Innovation introduces new resources into a system, and will therefore reduce competition or at least mitigate its negative effects. It will increase the efficiency of the distributed actors, which in turn will prompt more and more of them to cooperate, further increasing efficiency gains for a limited time until competition for resources becomes dominant again. This inherent fluctuation of the market aspect of the system is reduced by the much more stable efficiency of the hierarchy.

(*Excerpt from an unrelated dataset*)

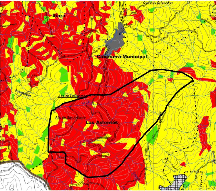 Vereda los asientos: En esta vereda se localiza el sector San Román el cual se considera el primer sector que se debe intervenir y los demás donde no se han presentado accidentes.

Similarly, in market systems both the time delays and their oscillations increase rapidly with increasing numbers of actors, whereas in hierarchical systems time delays proportionately decrease with each increase in the number of participants and oscillations are virtually nonexistent. Again, heterarchical systems seem to have the advantage.
Conclusion
The main point of this chapter is to argue that one can indeed make a coherent argument for considering the major societal transformations that we know from archaeology, history, and anthropology as due to an increase in knowledge and understanding, and thus an increase in the information processing capacity of human societies. Viewing this as part of a dissipative flow structure dynamic enables us to understand these transitions as being driven by the need to enable the communications structure of human groups to adapt to the growth in numbers that is in turn inherent in the increase in knowledge and understanding. It therefore presents us with an ultimate explanation for the different societal forms of organization that we encounter in the real world and the transitions between them, an explanation that does not need any other parameters (such as climate pressures, etc.). All these are subsumed under the variable “information-processing capacity.”